**Entries provided:**
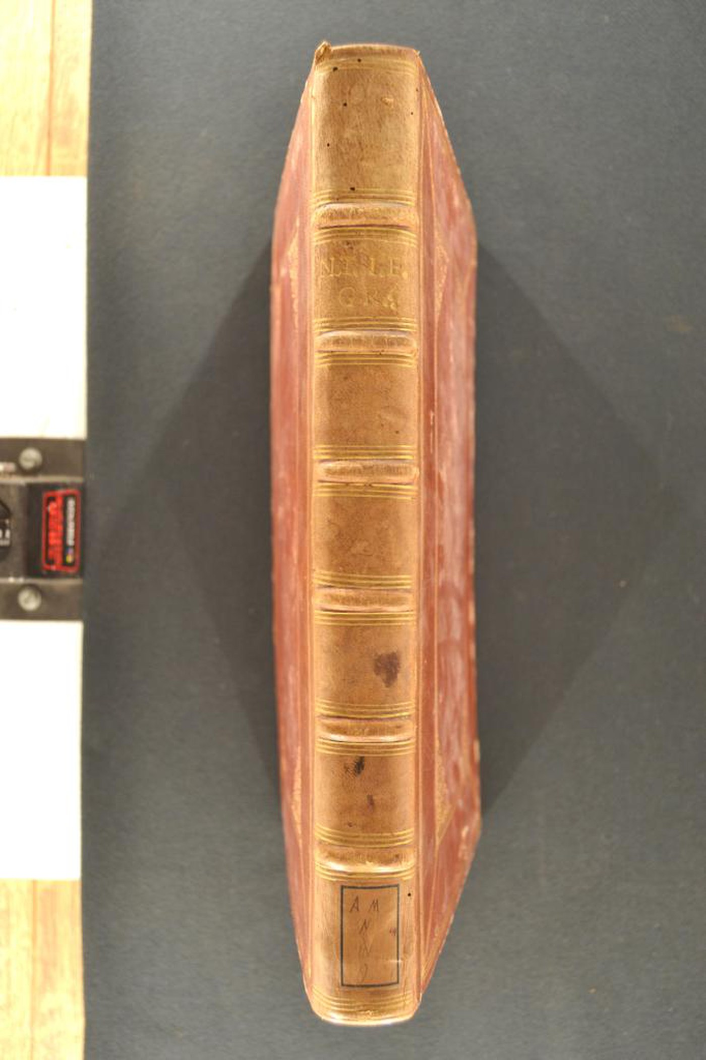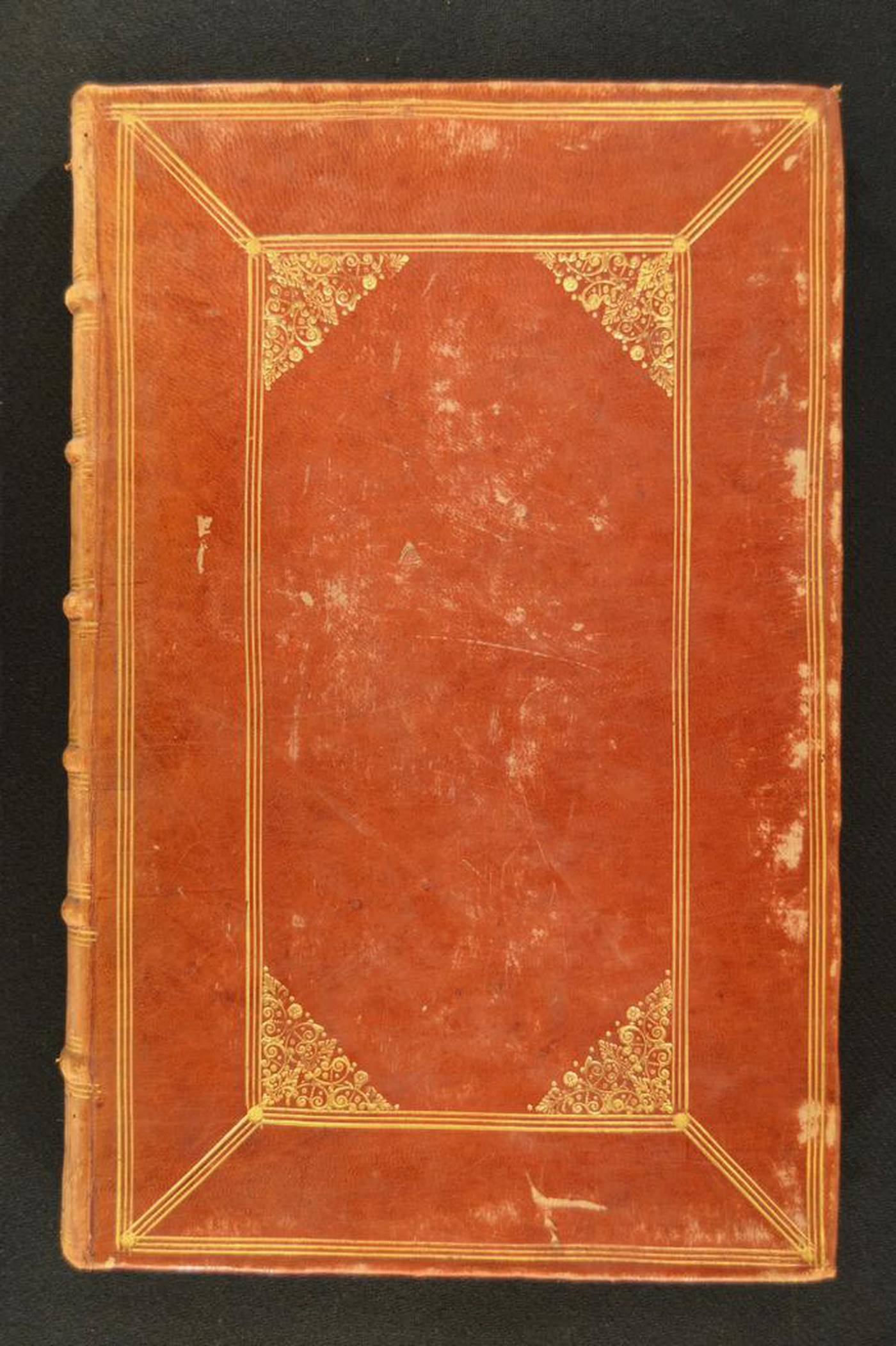 Cuoio di bazzana marrone su quadranti in cartone decorato in oro. Coppia di cornici concentriche a fascio di tre filetti collegate negli angoli. Corolle stilizzate, grottesche, rosette, cerchielli pieni negli angoli interni dello specchio. Nel secondo scompartimento del dorso il titolo dell’opera abbreviato. Capitelli muniti di anima circolare avvolta da fili in seta bianca e rosso mattone. Cucitura su sei nervi rilevati. Indorsatura realizzata tramite alette orizzontali cartacee Rimbocchi rifilati senza particolare cura. Carte di guardia bianche. Tagli dorati brillanti. Stato di conservazione: discreto. Spellature al materiale copertura dalla tonalità scolorita lungo il dorso. Volume restaurato.
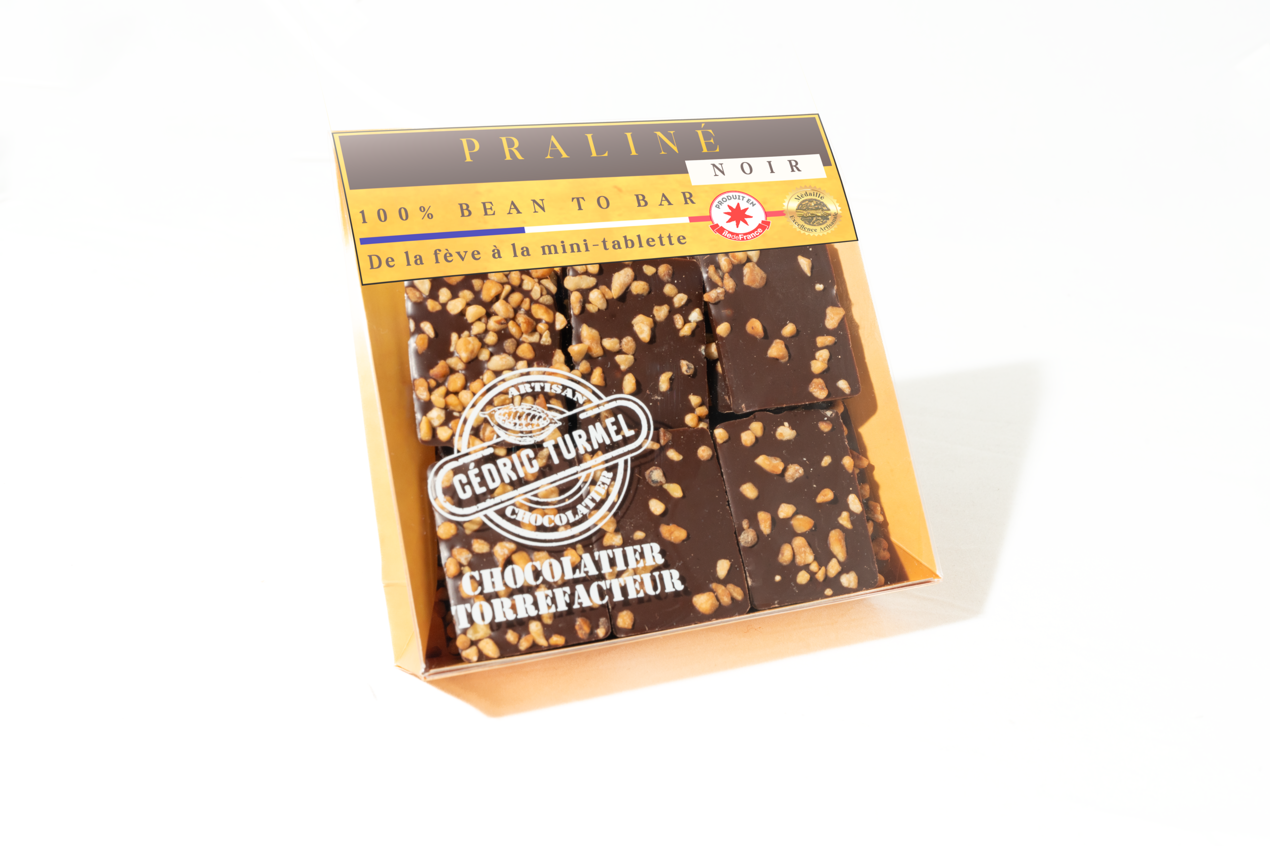 Mini tablettes au chocolat noir (70%) praliné, éclats d'amandes et de noisettes croquantes.
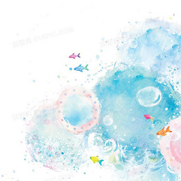 蓝色海洋气泡小鱼手绘背景
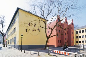 Die Aufgabe, die sich Jo. Franzke Architekten, Frankfurt a. M., stellte, war keine leichte. Sie hatten unter zahlreichen Gestaltungsauflagen die Umwandlung des ehemaligen Adelsitzes Frankensteiner Hof in ein Sozialrathaus und Bürgeramt mit Wohnungen und Ateliers zu planen. Der behutsame Umbau erhält das Gebäude als Kind seiner Zeit, öffnet sich jedoch zu seiner Umgebung. Zu diesem Zweck wurden hohe Schaufester in die Ostfassade gebrochen, die Einblicke in die dort neu eingerichteten Künstlerateliers erlauben. Von wesentlicher Bedeutung für die Neuordnung des Ensembles ist ein turmartiges Haus an der Großen Rittergasse. Der viergeschossige Neubau mit insgesamt neun geförderten Wohnungen inszeniert ein neues Entrée für Alt-Sachsenhausen. Schmale Giebel und spitze, mit Metall gedeckte Dächer nehmen Bezug auf die für das Quartier typische Kleinteiligkeit. Das Gebäude ist wie die meisten Häuser im Viertel verputzt.
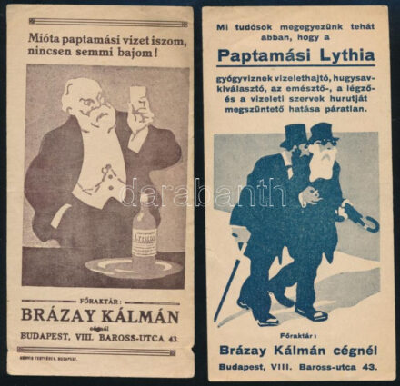 16265. tétel:cca 1910-1920 Paptamási Lythia gyógyforrásvíz 2 db számolócédula, főraktár. Brázay Kálmán, az egyiken kis szakadással, a másikon hajtásnyommal.
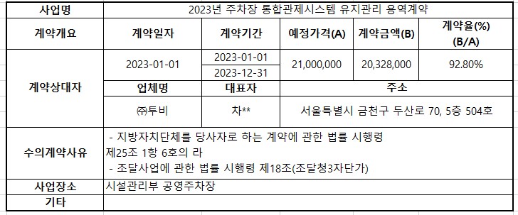 2023년 1월 수의계약 내역공개(2023년주차장 통합관제시스템 유지관리 용역계약)
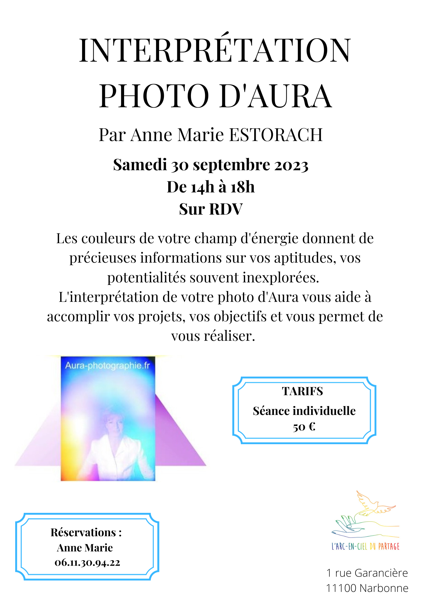Nous avons le plaisir de recevoir Anne Marie ESTORACH à l'association ! - Le SAMEDI 30 SEPTEMBRE 2023 de 14h à 18h - L'interprétation de la photo de votre Aura vous aide à accomplir vos projets, vos objectifs pour vous réaliser pleinement - Renseignements et réservations au 06.11.30.94.22 -
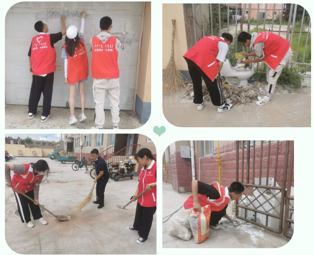 志愿者们带着铁锹、扫把、刷子、清洁剂等,对小区路面进行全面清扫,并对小区的单元门以及沿街外墙小广告进行清理,经过一上午的不懈努力,小区环境的得到了改善。

**What this task involves:** Nothing but the records above, exact and without pictures, should appear in the answer.

**Solved exercise:**
 Cuoio di bazzana marrone su quadranti in cartone decorato in oro. Coppia di cornici concentriche a fascio di tre filetti collegate negli angoli. Corolle stilizzate, grottesche, rosette, cerchielli pieni negli angoli interni dello specchio. Nel secondo scompartimento del dorso il titolo dell’opera abbreviato. Capitelli muniti di anima circolare avvolta da fili in seta bianca e rosso mattone. Cucitura su sei nervi rilevati. Indorsatura realizzata tramite alette orizzontali cartacee Rimbocchi rifilati senza particolare cura. Carte di guardia bianche. Tagli dorati brillanti. Stato di conservazione: discreto. Spellature al materiale copertura dalla tonalità scolorita lungo il dorso. Volume restaurato.
 Mini tablettes au chocolat noir (70%) praliné, éclats d'amandes et de noisettes croquantes.
 蓝色海洋气泡小鱼手绘背景
 Die Aufgabe, die sich Jo. Franzke Architekten, Frankfurt a. M., stellte, war keine leichte. Sie hatten unter zahlreichen Gestaltungsauflagen die Umwandlung des ehemaligen Adelsitzes Frankensteiner Hof in ein Sozialrathaus und Bürgeramt mit Wohnungen und Ateliers zu planen. Der behutsame Umbau erhält das Gebäude als Kind seiner Zeit, öffnet sich jedoch zu seiner Umgebung. Zu diesem Zweck wurden hohe Schaufester in die Ostfassade gebrochen, die Einblicke in die dort neu eingerichteten Künstlerateliers erlauben. Von wesentlicher Bedeutung für die Neuordnung des Ensembles ist ein turmartiges Haus an der Großen Rittergasse. Der viergeschossige Neubau mit insgesamt neun geförderten Wohnungen inszeniert ein neues Entrée für Alt-Sachsenhausen. Schmale Giebel und spitze, mit Metall gedeckte Dächer nehmen Bezug auf die für das Quartier typische Kleinteiligkeit. Das Gebäude ist wie die meisten Häuser im Viertel verputzt.
 16265. tétel:cca 1910-1920 Paptamási Lythia gyógyforrásvíz 2 db számolócédula, főraktár. Brázay Kálmán, az egyiken kis szakadással, a másikon hajtásnyommal.
 2023년 1월 수의계약 내역공개(2023년주차장 통합관제시스템 유지관리 용역계약)
Nous avons le plaisir de recevoir Anne Marie ESTORACH à l'association ! - Le SAMEDI 30 SEPTEMBRE 2023 de 14h à 18h - L'interprétation de la photo de votre Aura vous aide à accomplir vos projets, vos objectifs pour vous réaliser pleinement - Renseignements et réservations au 06.11.30.94.22 -
 志愿者们带着铁锹、扫把、刷子、清洁剂等,对小区路面进行全面清扫,并对小区的单元门以及沿街外墙小广告进行清理,经过一上午的不懈努力,小区环境的得到了改善。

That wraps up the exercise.